By Pauline Kerr
As Ontario prepared to enter to another provincewide lockdown, we heard a lot about COVID fatigue and freedom of choice, mostly in connection with people who insist it is their right to decide whether or not to wear a mask, get vaccinated – or not, and host a party or vacation when, where and how they choose.
They are mad at the government for telling them to stay home when they want to frolic in the Caribbean sunshine. They hold rallies against lockdowns, litter social media with calls to action against masks and distancing rules, and spout on about the whole thing being a massive conspiracy every chance they get.
Forget COVID fatigue; what about anti-masker and anti-vaxxer fatigue? We are tired of hearing self-centred individuals snivel that their rights are being violated because a store manager told them “no mask, no service.”
We are exhausted at having to listen to yet another self-styled internet guru declare vaccines are unnecessary because COVID-19 is a myth.
In all honesty, no one likes wearing masks, with the possible exception of people who ate spinach for lunch. Distancing rules are difficult to follow when we would like nothing better than to hug a friend, play with our grandchildren or crowd into an arena to see the home team win the trophy.
COVID-19 lockdowns have meant the cancellation of favourite activities, fundraisers and special events. We miss our concerts, live theatre, parades and all the rest of what makes life in this community so enjoyable. We miss being able to see our loved ones in person, rather than through a window or on Zoom. We miss having a busy social life.
We look forward to the day when we can safely enjoy a beverage with neighbours, listen to our children describe how exciting the field trip was, and go grocery shopping without a mask, complete with stopping to chat with acquaintances in the cat food aisle.
For the past year, we have worked hard to keep our families and ourselves safe and healthy, turning the kitchen table into an office and classroom, depending on what level of protection we were at.
We have heeded the public health warnings and done as much as possible to prevent the spread of the virus.
We have washed our hands, worn masks and maintained that six-foot distance, awkward though it has been, for over a year.
While most of us have been truly “in this together,” there are some who have opted out.
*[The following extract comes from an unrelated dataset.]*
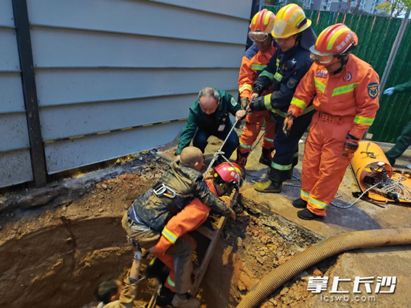 消防救援人員迅速在坑口固定金屬爬梯。一名救援人員系好安全繩、扣緊腰帶,沿梯下至積水區(qū)域,為工人固定好安全腰帶,將其穩(wěn)妥背在背上,上方隊(duì)員則拉緊安全繩全程保護(hù)。下午5時51分,經(jīng)過14分鐘的緊張施救,傷者被成功救出,并移交現(xiàn)場120醫(yī)護(hù)人員送往醫(yī)院進(jìn)一步救治。
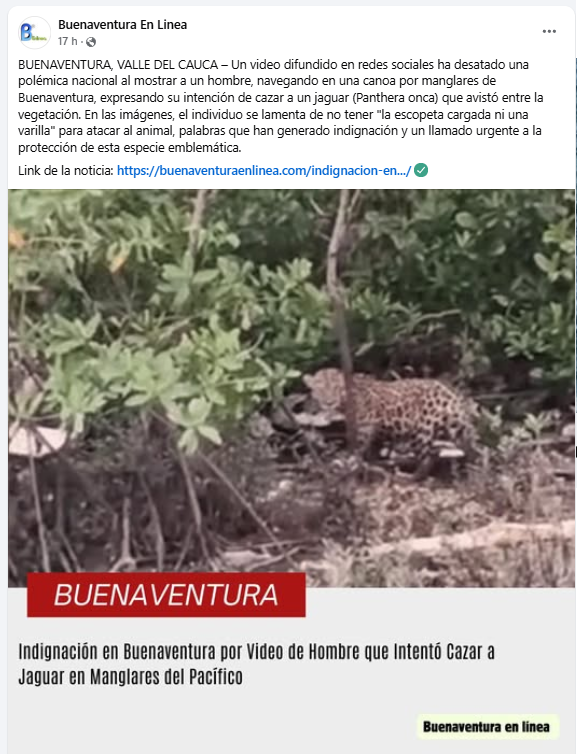 Un video difundido en redes sociales ha desatado una polémica nacional al mostrar a un hombre, navegando en una canoa por manglares de Buenaventura, expresando su intención de cazar a un jaguar (Panthera onca) que avistó entre la vegetación. En las imágenes, el individuo se lamenta de no tener "la escopeta cargada ni una varilla" para atacar al animal, palabras que han generado indignación y un llamado urgente a la protección de esta especie emblemática.

Whether they are just contrary individuals who enjoy paddling up a waterfall, or whether they actually believe COVID is a government conspiracy, remains a mystery.
They cite personal freedom as a reason not to wear a mask. The fact is, I wear a mask to protect you; you wear a mask to protect me. We all get vaccinated to protect everyone. The person who refuses masks and vaccination on the grounds they violate his personal rights apparently has no problem violating the rights of everyone he encounters – those who have to share space with customers, clients, patients and fellow public transit users. They use whatever personal protective equipment is available, and shower and change their clothes the minute they get home so their families are safe. Surely their rights to safety should take precedence over someone’s dislike of masks and/or needles.
However, most of us know individuals who smirk about evading the “COVID police” at their last party, and shrug off suggestions they need to be more responsible. We clearly are not all in this together.
That is the source of much of the frustration we are feeling. When we see pictures of crowds gathered in parks and at the most recent anti-mask rally, we feel as if we are carrying the weight of this whole mess on our shoulders. Exhausting.
It is not COVID fatigue we feel, but anti-masker and anti-vaxxer fatigue. What we need to get us through this final (we hope!) lockdown is for everyone to do his or her fair share so all of us can breathe a little easier.